Gerçek zamanlı PCR gerçekleştirmek için, örnekleri makineye yerleştirin. Daha sonra, termal döngücü profilini iki dakika için 50 derece santigrat derece, 10 dakika 95 santigrat derece, ardından 95 santigrat derece de 40 döngüleri 15 saniye ve bir dakika için 60 derece santigrat son döngüsü ile ayarlayın. Gen ekspresyonu düzeyi analizi için, endojen kontrol olarak ACTB genini kullanarak karşılaştırmalı döngü eşik yöntemi ile gen ekspresyonu düzeylerini normalleştirin.
Karşılaştırmalı döngü eşiği yöntemini kullanarak gen ekspresyonu düzeylerini değerlendirin ve sonuçları çizin. Daha sonra, p ile istatistiksel olarak anlamlı sonuçlar göz önünde bulundurularak, öğrencinin t-testini kullanarak istatistiksel analiz yapın
OTX1 için nükleer ekspresyon tüm non-intestinal tip adenokarsinom örneklerinde bulundu, çok az veya immünreaktivite olmayan bağırsak tipi adenokarsinomlarda vurgulandı. Tüm koku nöroblastomlarında yoğun immünoreaktivite mevcuttu. Tüm kötü diferansiye nöro-endokrin karsinomlar arasında, OTX ekspresyonu pozitif hücrelerin yoğunluğu ve yüzdesi olarak değişmektedir.

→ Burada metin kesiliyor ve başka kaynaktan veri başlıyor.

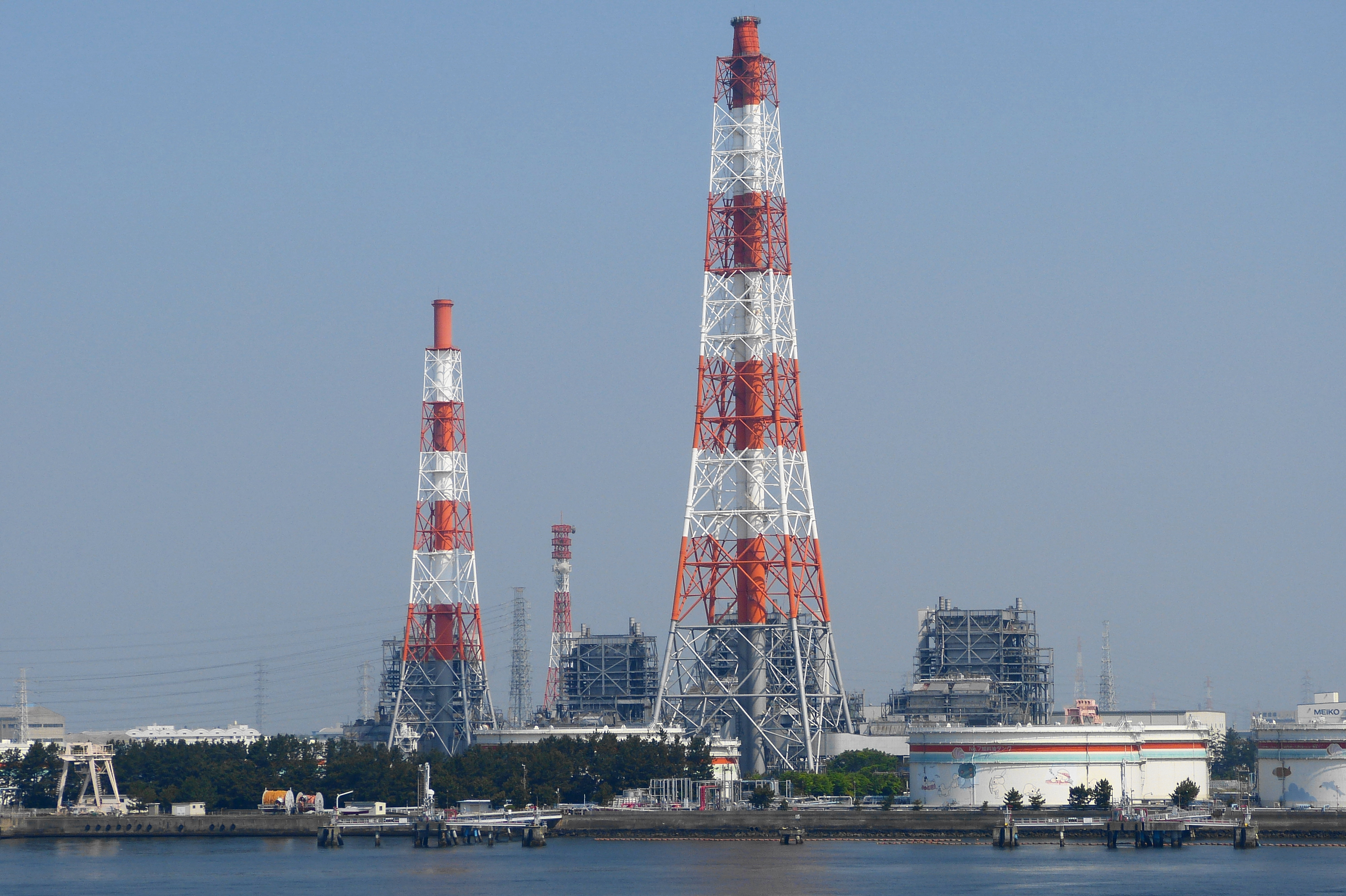 West-Nagoya Thermal Power Station ,Aichi prefecture, Japan

Bu yordamı denerken, steril ekipmanlar kullanarak steril koşullarda RNA ekstraksiyonunun her bir adımını gerçekleştirmeyi unutmamak önemlidir. Bu prosedüre paralel olarak, tekniğimizden elde edilen sonuçları doğrulamak için x-Ray analizi, burun boşluğunun endoskopik muayenesi, CT taraması, manyetik rezonans görüntüleme ve biyopsi gibi diğer yöntemler de uygulanmaktadır. Bu teknik, gelişiminden sonra onkoloji alanında araştırmacıların bu hastalığı hücre modellerinde keşfetmelerinin önünü açmıştır.
Bu videoyu izledikten sonra, immünohistokimya ve gerçek zamanlı PCR kullanarak tümör alt tiplerini ayırt etmek için moleküler belirteçleri tanımlamak için nasıl iyi bir anlayışa sahip olmalıdır. Bu reaktiflerle, enstrümantasyonla ve numunelerle çalışmanın son derece tehlikeli olabileceğini ve bu prosedürü gerçekleştirirken DPI gibi önlemlerin her zaman alınması gerektiğini unutmayın.